The final and crowning piece of the plan, the chapel, was made possible by the legacy that he received on his mother’s death. The chapel is a triumph effectively designed by a local Northumbrian architect with much input from Harold. Dedicated in honour of St Mary and St Cuthbert, it is a triumph of the neo-Romanesque, but breathing the air of the celebrated Northumbrian saints, and with stones and bricks collected from the shores of Lindisfarne: stained glass includes images of St Aidan and St Cuthbert, and there is a relic of Cuthbert in the altar base. In 2015, it won the first prize in the RIBA (Royal Institute of British Architects) competition for the best new ecclesiastical building.
Harold sang daily the full office of matins, terce, sext, none, evensong, and compline to Gregorian chant, including material that he had personally gathered together.

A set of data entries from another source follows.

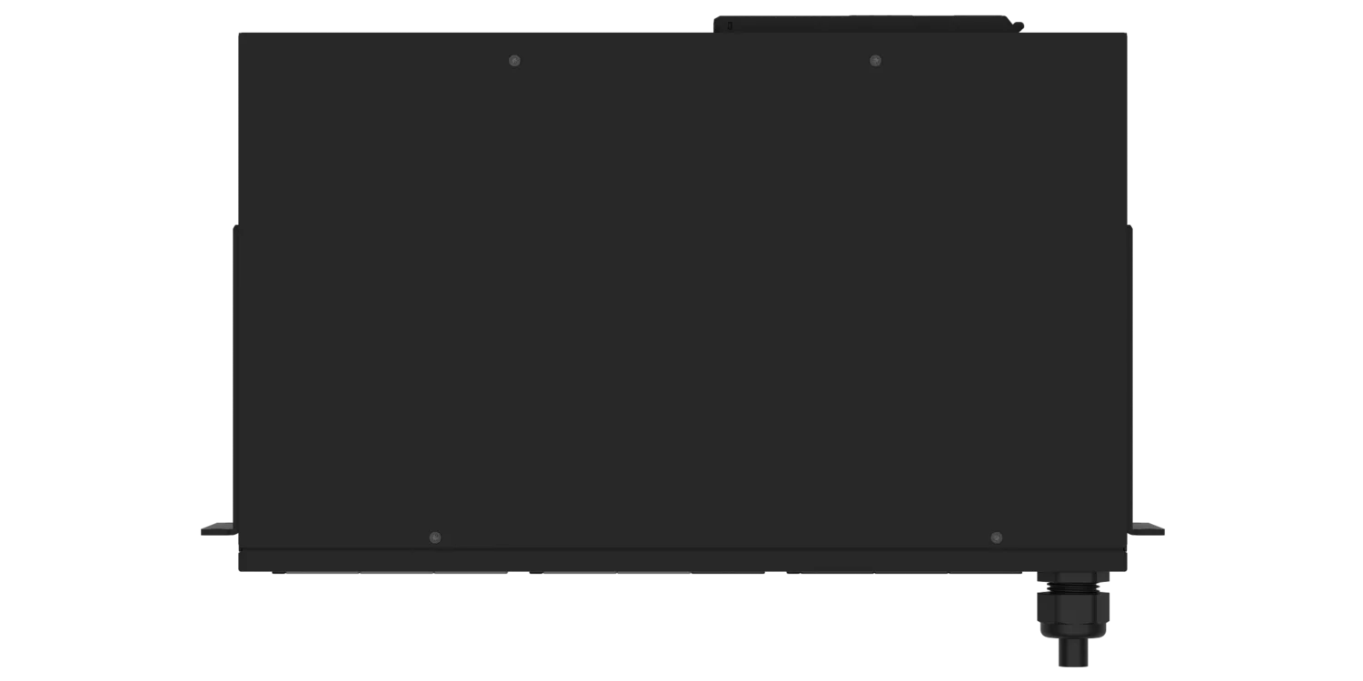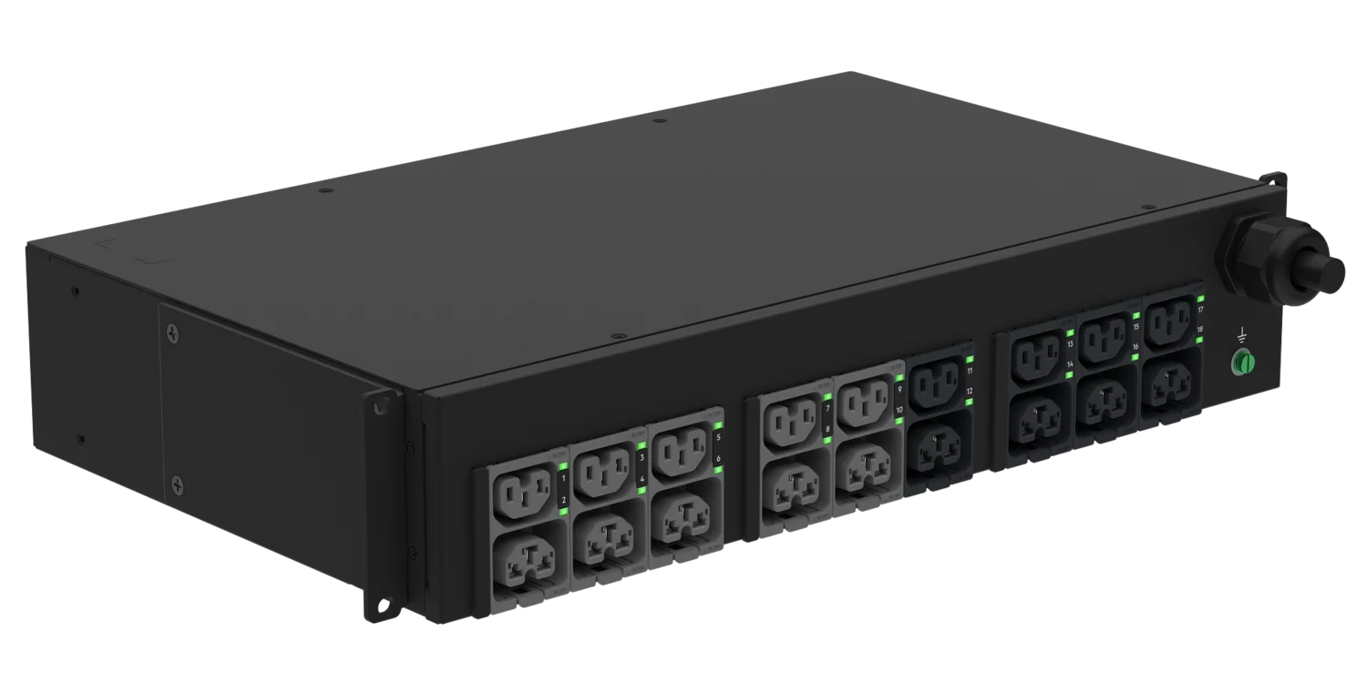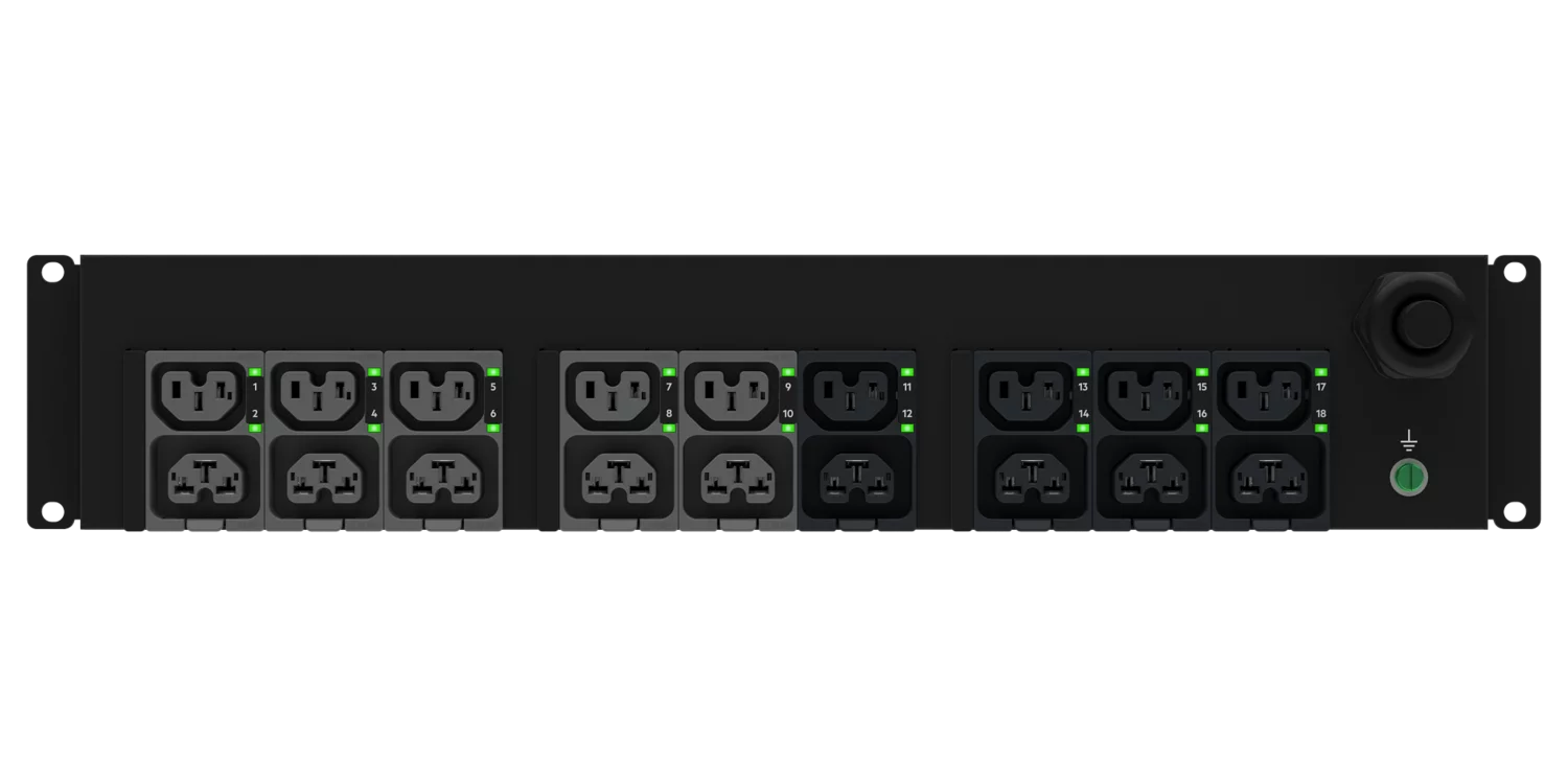 Konstrukcja 2U umożliwia poziomy montaż w standardowej szafie rack 19″, oferując kompaktowe i wygodne rozwiązanie zasilające z łatwym dostępem do złączy.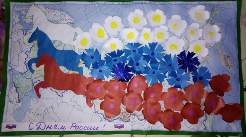 МБУ»РДК». Поздравительная открытка ко Дню РОССИИ. Работа участницы клуба любителей рукоделия Корноуховского СДК "Умелые ручки" Молгачевой Софии. Фото от заведующего Хабибуллиной Гузель.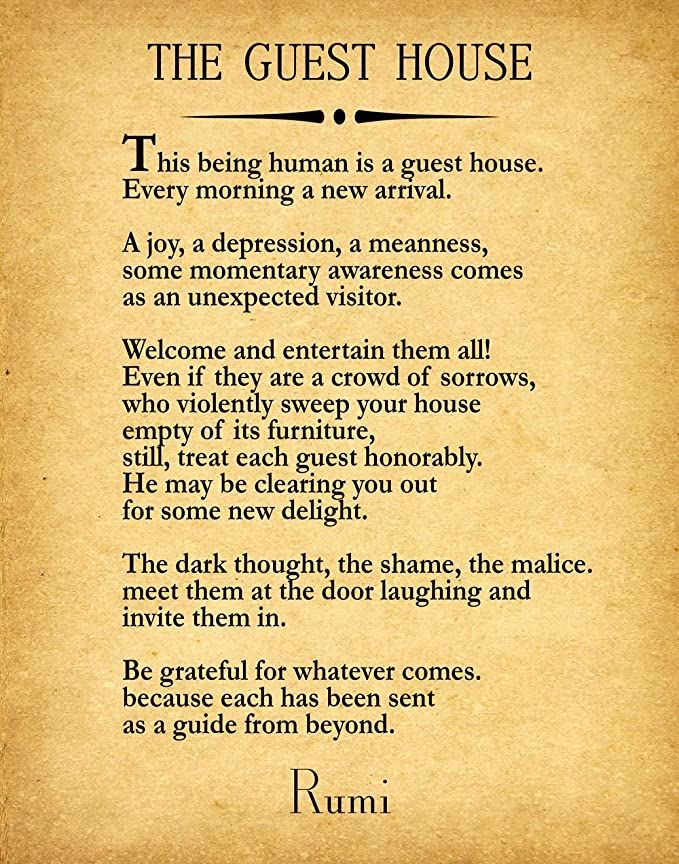 I tend to look for the greater or deeper meaning in how things unfold and this is no different. I’ve included one of my favorite poems by Rumi. It’s a philosophy that is both hard and true. I feel like my house has been swept clear, in a wave not of my doing. At the same time, I feel gratitude for all that has happened and all that will happen, even amidst the tears and grieving associated with loss.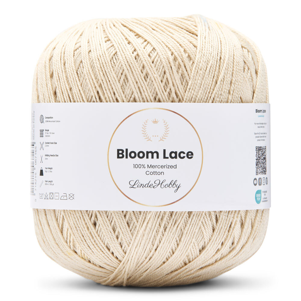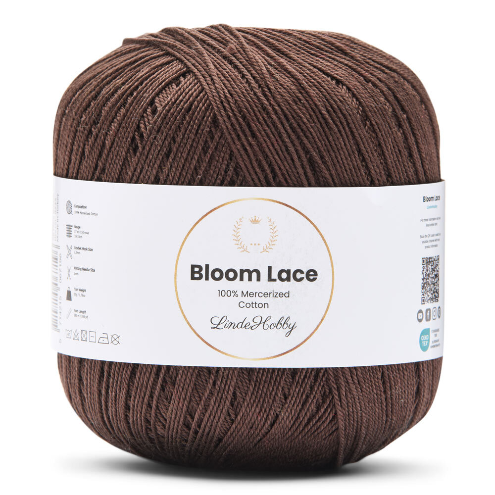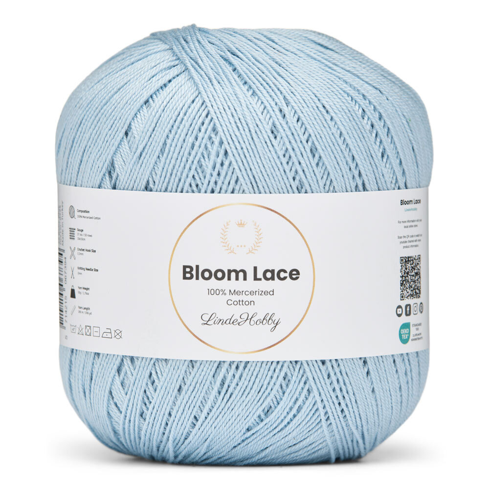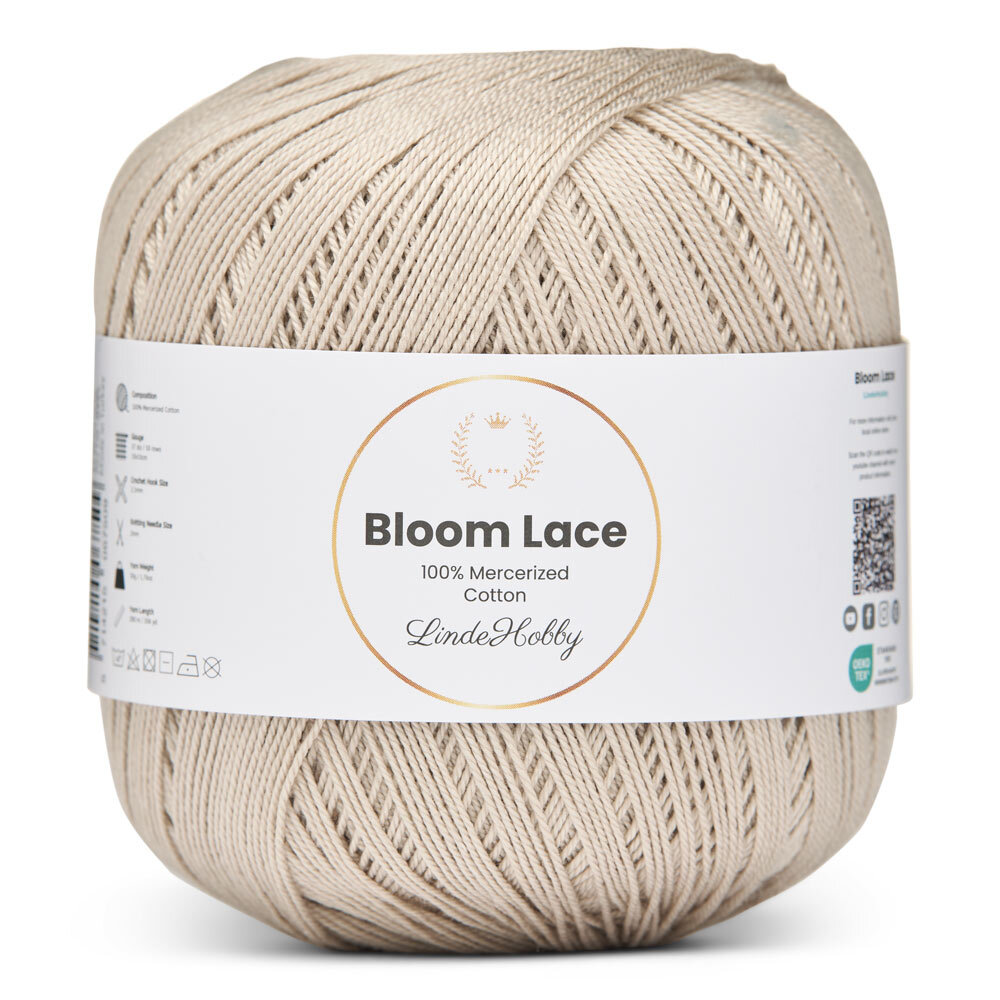 LindeHobby Bloom Lace är ett lyxigt lace-garn tillverkat av 100% merceriserad bomull. Garnet har en vacker, glansig yta och en tät, slät struktur som ger ett exklusivt uttryck i det färdiga arbetet. Det fina och delikata garnet är perfekt för projekt där precision och en elegant finish står i fokus.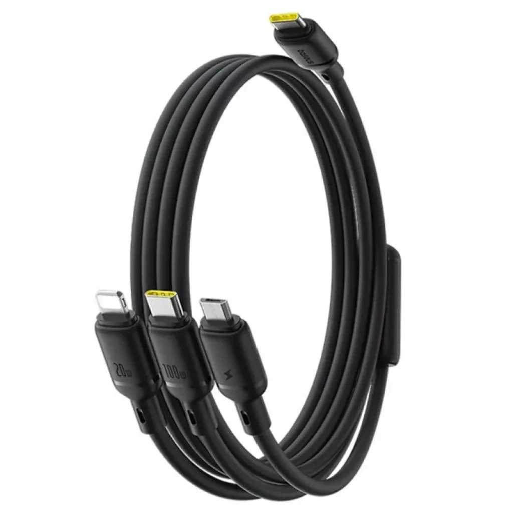 Baseus Silky 3in1 USB-C töltőkábel – Az Ön egyetlen töltési megoldása A Baseus Silky 3in1 USB-C töltőkábel a tökéletes megoldás mindazok számára, akik egyetlen, megbízható kábellel szeretnék tölteni különféle eszközeiket. Ez a 100W-os, 5A-es kábel nem csupán gyors és hatékony, hanem kivételesen tartós és rugalmas is, így ideális társ a mindennapokban és utazás során egyaránt. A fekete színű, 1.5 méteres hosszúságú Silky 3in1 modell a funkcionalitást és a stílust ötvözi. Három az egyben sokoldalúság Felejtse el a több kábel tárolásának és cipelésének problémáját! A Baseus Silky 3in1 kábel egyetlen USB-C bemenetről képes tölteni Lightning, microUSB és USB-C porttal rendelkező eszközeit is. Ez azt jelenti, hogy iPhone-ját, Android okostelefonját, táblagépét, power bankját vagy akár más USB-C kompatibilis eszközét is egyszerűen feltöltheti. A kábel különösen hasznos, ha több eszközzel rendelkezik, vagy ha egy családtagja más típusú telefont használ, hiszen egyszerre akár 3 eszköz töltésére is alkalmas. Villámgyors töltés és stabil teljesítmény Ez a Baseus kábel nem csupán sokoldalú, hanem rendkívül erőteljes is. Az akár 100W-os (az USB-C kimeneten) és 5A-es áramerősség biztosítja a villámgyors töltést, így minimálisra csökkenti az eszközök töltési idejét. A fejlett 6-szálas, megerősített ónozott magok stabil és megbízható áramellátást garantálnak még alacsony hőmérsékleten is, megóvva ezzel készülékeit és optimalizálva a töltési hatékonyságot. Prémium minőség és kivételes tartósság A Baseus Silky 3in1 kábelt a hosszú élettartamra tervezték. A gyártó által végzett több mint 10 000 hajlítási teszt bizonyítja ellenállását a mindennapi használat során fellépő igénybevétellel szemben. Puha TPE burkolat: A rugalmas és kopásálló TPE anyag garantálja a kábel ellenállását. Nem gubancolódik, és kellemes tapintású. Cinkötvözet csatlakozók: Az oxidáció- és rozsdamentes cinkötvözetből készült csatlakozók biztosítják a stabil és hosszú távú kapcsolatot, minimalizálva az érintkezési hibákat. Vastag, hajlításálló kábelmagok: A megerősített belső magok rendkívül ellenállóvá teszik a kábelt a hajlítással és töréssel szemben, hozzájárulva a "Built to Last" (tartósra tervezve) ígérethez. Kényelmes használat mindenhol Az 1.5 méteres hosszúság optimális szabadságot biztosít otthon, irodában vagy utazás közben. A puha TPE anyag nem csak tartós, hanem rugalmas és gubancmentes is, így a kábel könnyen tárolható és hordozható, anélkül, hogy összegabalyodna. A mellékelt tépőzáras kábelrendező segítségével mindig rendszerezetten tarthatja. Műszaki adatok Típus: Töltőkábel Modell: Baseus Silky 3in1 Csatlakozás: USB-C bemenet - Lightning / microUSB / USB-C kimenetek Kimeneti teljesítmény: Max. 100W (USB-C), max. 20W (Lightning) Áramerősség: Max. 5A Kábelhossz: 1.5 méter Szín: Fekete Anyag: TPE, cinkötvözet Kábelmag: 6-szálas, megerősített, ónozott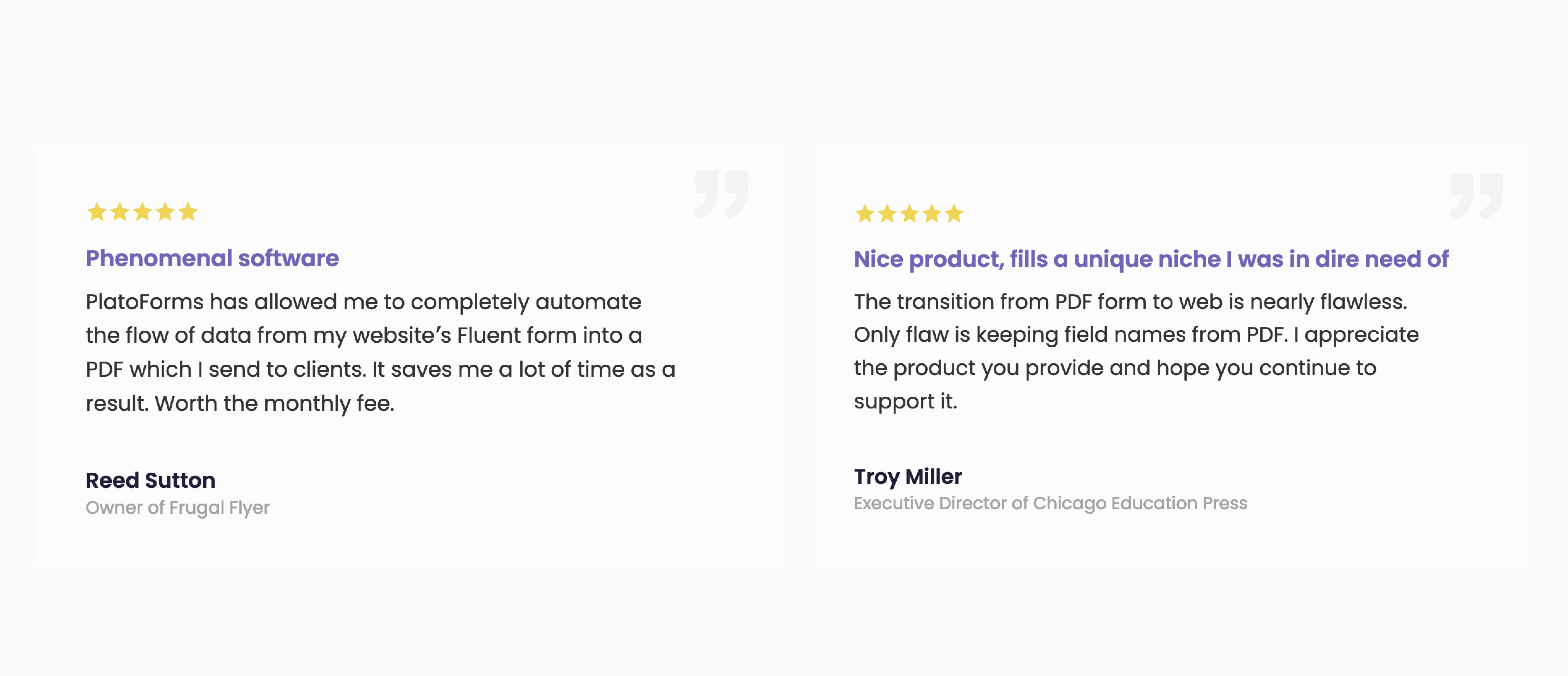 PlatoForms gets straight to the point, clearly communicating its services to the audience.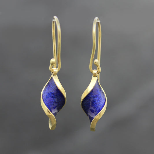 JS 18ct Blue Enamel Vesica Twist Earrings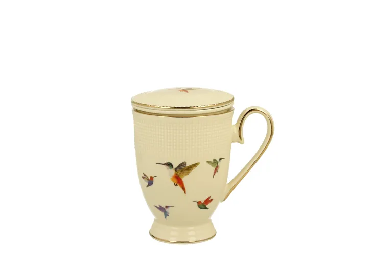 Kubek z zaparzaczem i pokrywką KOLIBRY idealny do zaparzania zdrowych ziół czy aromatycznej herbaty wchodzący w skład kolekcji ECRU. Wykonany z najwyższej jakości porcelany w kolorze śmietankowym wykończonej złotymi zdobieniami oraz motywem kolorowych koliberków

Some twenty years ago, Harold sought to move his allegiance to the Holy See, but without renouncing his former life and continuing very largely to use the riches of Anglican spirituality within his daily, monthly, and annual routine. The music and texts are now safely stored at Shepherds Law, and a monograph, Oneness, has been published. Inspired by Harold’s life, it takes the reader deeper into the contemplative monastic life.
An ecumenical trust with a majority of religious has taken on the development of the hermitage, so that Harold’s remarkable vision lives on. He died in the early hours of 4 October, the feast of St Francis.